I am in my 3rd year in med school in Australia, and can I just say, that after feeling less and less motivated in the course from pretty much the get-go of 1st year, what a sigh of relief I breathed to find this place and to discover that not everyone studying medicine is 100% motivated to go into this alienating, uncaring, unforgiving career.
For the first time, I am considering alternatives and not feeling bat-shit-guilty about it.
Hi, fucking hate med school, i´m on my senior year (6/6 years) about to become a Dr. and i feel like a mediocre, its been long time since a grab a book a read it, i think all of my rotations are going through my hands like water, im not learning shit!
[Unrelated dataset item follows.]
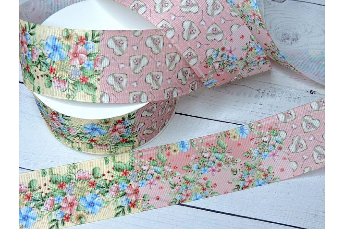 Лента репсовая 40 мм с рисунком ассорти "Цветочки" - 1 м.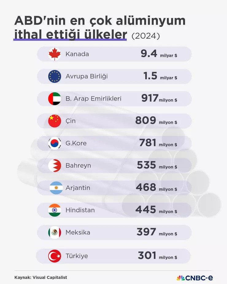 TÜİK'in verilerine göre, 2024 yılında Türkiye, ABD'ye toplam 300 milyon doları aşan alüminyum ve alüminyumdan eşya ürünü gönderdi. Bu verilere bakıldığında, ABD'nin en çok alüminyum ithal ettiği 10. ülke Türkiye oldu. Bu alanda Türkiye'nin hemen önünde 397 milyon dolar ile Meksika yer alıyor.

In about 4 months im having my final exam, any suggestions how i can get to STUDY a little bit?
Cheers from Central America!
Really? This site is founded by some asshole who “pushes paper” for a living. Yeah, that changes lives for sure. All of these people couldn’t handle the stress, so they quit. I think it’s great they did, nobody wants a pussy for their doctor! It’s not all unicorns and rainbows, it’s hard work and dedication for what you love. I’m just fine in making it, but then again I have some balls. Don’t discourage people not to fucking do what makes them happy or discourage them to save lives. You’re ignorant pricks. If it’s not for you, GTFO and do something else, quit running your mouth.